Die Versuche, die noch lebenden Tiere zurück ins offene Meer zu bugsieren, hatte nur teilweise Erfolg. Von den 120 Walen schwamm mehr als die Hälfte, warum auch immer, sofort wieder zurück. Später begnügten sich die Helfer damit, die Tiere mit feuchten Tüchern zu bedecken und Meerwasser über sie zu gießen - der Versuch, sie kühl zu halten, ihnen genügend Feuchtigkeit zu verschaffen und sie vor der Sonne zu schützen. Manche der Helfer streichelten die Tiere auch. Einige sangen sogar für sie. Man hoffte auf die nächste Flut.

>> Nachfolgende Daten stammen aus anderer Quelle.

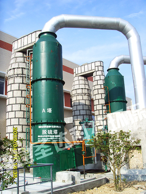不銹鋼脫硫塔、干式導流管除塵器及自動加藥設備。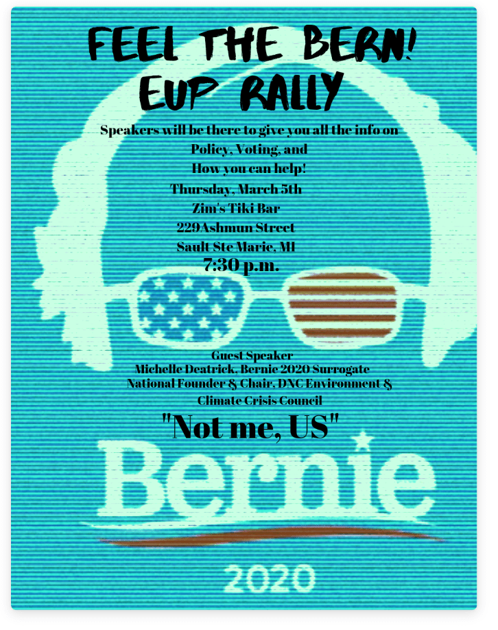 In the best of times our most vulnerable loved ones are at risk so what happens to them in the age of Covid-19 with our current healthcare and economic systems if they should contract the coronavirus? They are important, they are loved. Never before has Bernie’s platform and policies been more relevant than now in the age of Covid-19. This pandemic has brought to the forefront all the underlying systemic issues that Bernie’s campaign and policies address; the economic and racial disparities that exist for the majority of us. In the best of times most of us here in the 1st Congressional District struggle with access to quality and specialized medical services, mental health services, low wage seasonal work, lack of economic opportunities, lack of quality connectivity (internet and cell reception), revitalizing our rural communities, empowering tribal nations, shutting down Line 5, public education just to name a few, the list goes on and on… Now in these uncertain and unprecedented times, these struggles are bubbling over like never before and only Bernie’s policies have real equitable, long-lasting solutions. Remember this is not about me, it’s much larger than that, it’s about us. Not me. Us!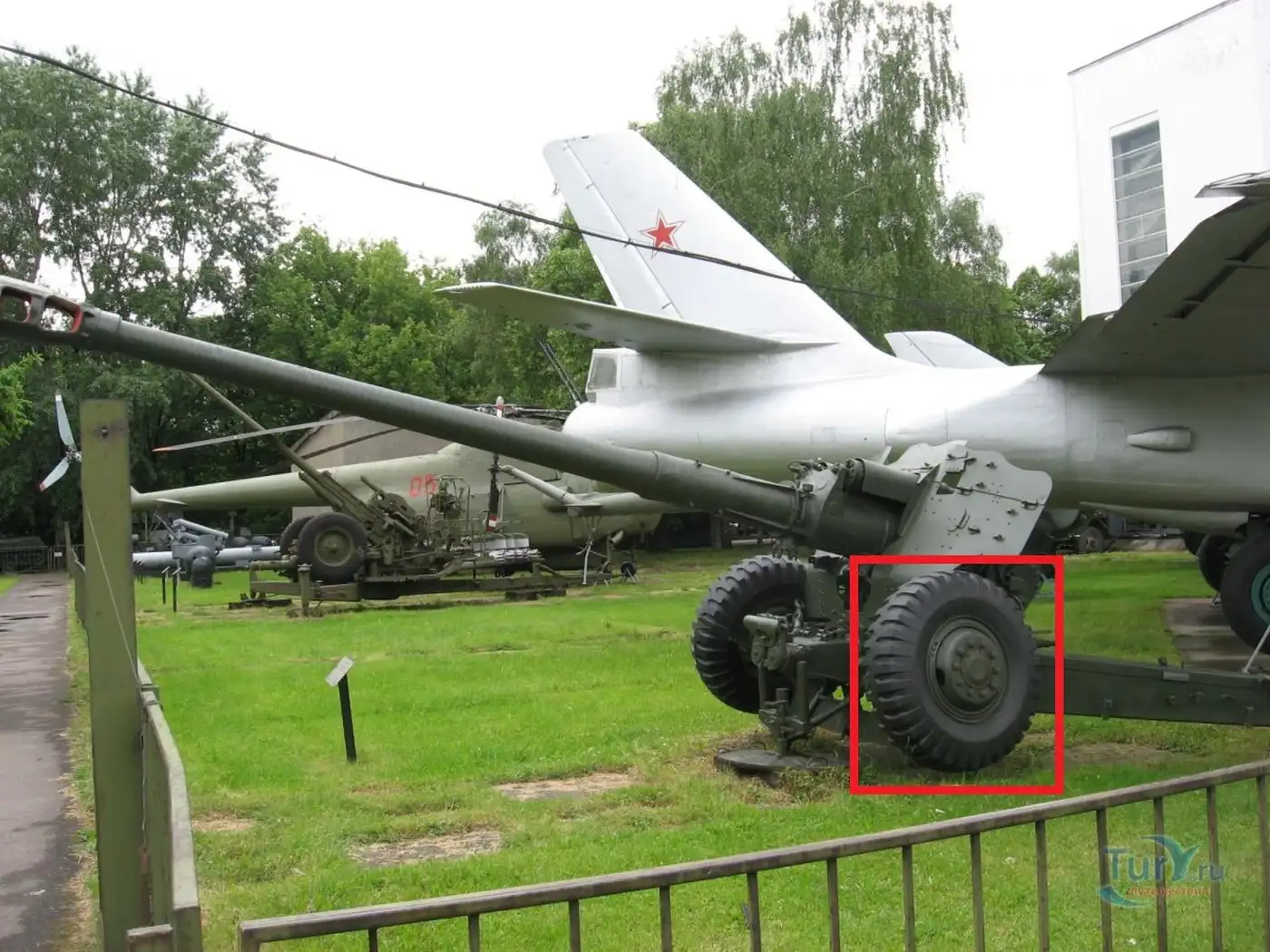 Отличия в деталях, на первый взгляд не бросающихся в глаза, но всё же. Самое яркое – колёса. Для наглядности, привожу на фото №3 советскую Д-74 с отчётливо другой формой колеса и рифлением шин.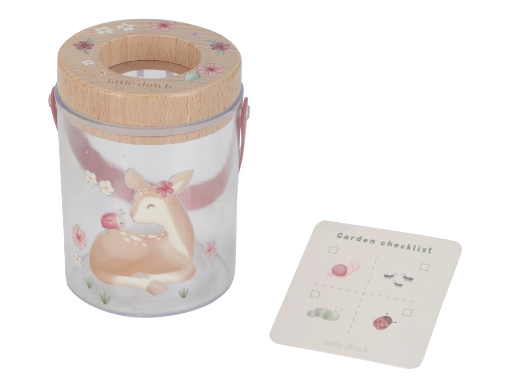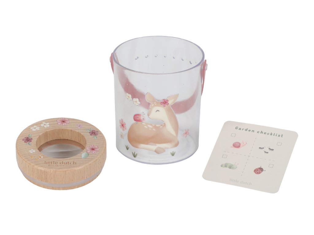 Nádoba s krásnou potlačou je súčasťou dizajnovej kolekcie hračiek a doplnkov Little Dutch Fairy Garden, inšpirovanej životom na záhrade.

Farewell Spit wurde schon öfter zur tödlichen Falle
Farewell Spit ist eine 32 Kilometer lange Landzunge, der nördlichste Zipfel der neuseeländischen Südinsel. Aus der Luft sieht sie wie ein gigantischer Angelhaken aus. Für Wale wurde sie schon mehrfach zur tödlichen Falle: Erst im Februar 2015 waren dort 200 Grindwale gestrandet. 140 davon überlebten nicht. Aber so ein Massensterben wie nun gab es hier noch nie.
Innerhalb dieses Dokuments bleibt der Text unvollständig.